Hindernisse gibt es nicht

19.05.2010 | Stand 03.12.2020, 4:00 Uhr

Ansatz zum Sprung auf die andere Seite des Brunnens. Daniel Kielmann (links) und Marius Meister trainieren an der Münchner Freiheit. - Foto: Zick

München (DK) Draußen regnet es in Strömen. Für Freiluftsport ist das eigentlich kein geeigneter Tag. Doch mit einem Satz wischt Daniel Kielmann alle Zweifel beiseite: "Wir trainieren bei jedem Wetter", antwortet er auf die bange Frage nach einem Ausweichtermin.

Kielmann ist Traceur, sein Sport Parkour. Laut Definition ist das die "Kunst der effizienten Fortbewegung". Möglichst direkt geht es über Mauern, Gräben und andere Hindernisse hinweg, allein mit Körperkraft, ohne jegliche Hilfsmittel. Und bei allen Wetterbedingungen versteht sich. Ein bisschen Regen ist also kein Grund, zu Hause zu bleiben.

So steht Kielmann nun also an der Münchner Freiheit an der Kante einer Brunnenanlage. Vor ihm geht es fast drei Meter nach unten, von dort ist es etwa genauso weit bis zum Rand des Brunnens. Der Traceur holt mit den Armen Schwung. Dann: Sprung, Landung, Abrollen. Alles geht gut. Kielmann war 25 Jahre lang Kunstturner, samt Titeln und Europameisterschaften. Er weiß, was er da tut. Doch wegen genau solcher spektakulären Übungen ist Parkour als waghalsig verschrien, als Sport für Draufgänger.

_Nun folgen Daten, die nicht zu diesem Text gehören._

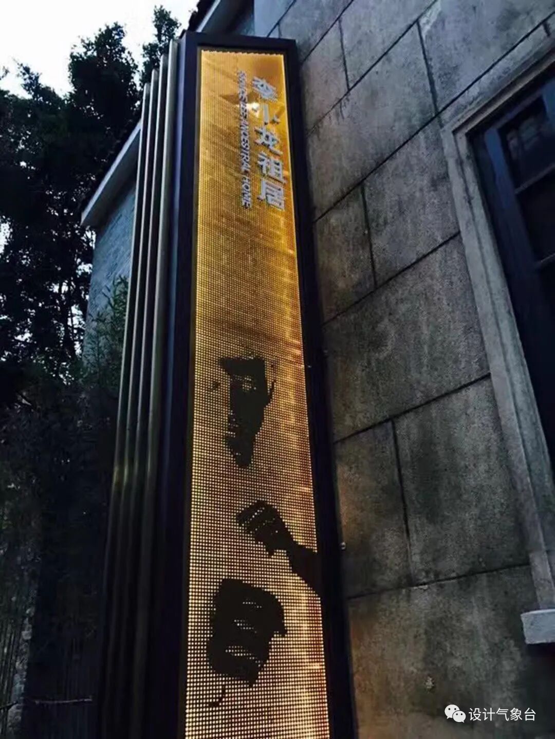 利用李小龙的剪影作为李小龙祖居入口花园的标志性图案,入口处打造的有竹林,用瓦砖做的细部装饰等。

In der Szene hört man das äußerst ungern.

Für Medienvertreter hielt die "Parkour-Community München" früher deshalb sogar mal eine Liste mit verpönten Ausdrücken bereit. Worte wie "Extremsport", "Spiderman" oder "Adrenalinkick" wollte keiner der Traceure lesen, weil es nicht der Philosophie ihres Sports entspricht.

Parkour sei keine Show, sagt Kielmann. Es werde nicht über Häuserschluchten gesprungen, wie es in Filmen und Werbespots gelegentlich dargestellt wird. "Wer mit solchen Erwartungen zum Parkour geht, wird sich unweigerlich übernehmen und sich böse verletzen."

Beim Parkour geht es darum, sich selbst richtig einzuschätzen, sich zwar alles abzuverlangen, aber nie über die eigenen Grenzen hinauszugehen. Und es geht darum, gesund zu bleiben, sich fit zu halten, "um nützlich zu sein." So hat es der Franzose David Belle mal formuliert, der als Erfinder von Parkour gilt. Der Legende nach war Belles Vater Vietnamsoldat. Von seinen Einsätzen hat er Fluchttechniken mitgebracht, die seinen Sohn faszinierten. Und was der Vater in den Mangrovensümpfen und Tropenwäldern Südostasiens praktiziert hatte, übertrug David Belle mit seinen Freunden Ende der Achtziger Jahre auf die urbane Landschaft des Pariser Vorortes Lisses, einem Ghetto aus Stahl und Beton.

Seitdem hat der Sport in immer mehr Städten Anhänger gefunden. In München ging es vor etwa sechs Jahren richtig los. Heute trainieren dort an die 40 Traceure regelmäßig. An den Einführungskursen, die "Parkour-München" einmal monatlich anbietet, haben in den vergangenen dreieinhalb Jahren sogar ungefähr 1600 Leute teilgenommen.

Beim Parkour entwickle man einfach ein interessantes Körpergefühl, sagt Marius Meister, der gerade einen großen Poller erklommen hat. Bis zum nächsten Steinpfosten sind es gut und gerne zweieinhalb Meter. Oder neun Schuhlängen, wie Meister ausgemessen hat. Er springt. Und landet problemlos. Diese Weite hat er sicher drauf. Viele Schuhlängen mehr dürfen es aber nicht sein, so gut hat er sich in seiner Zeit als Traceur schon einzuschätzen gelernt.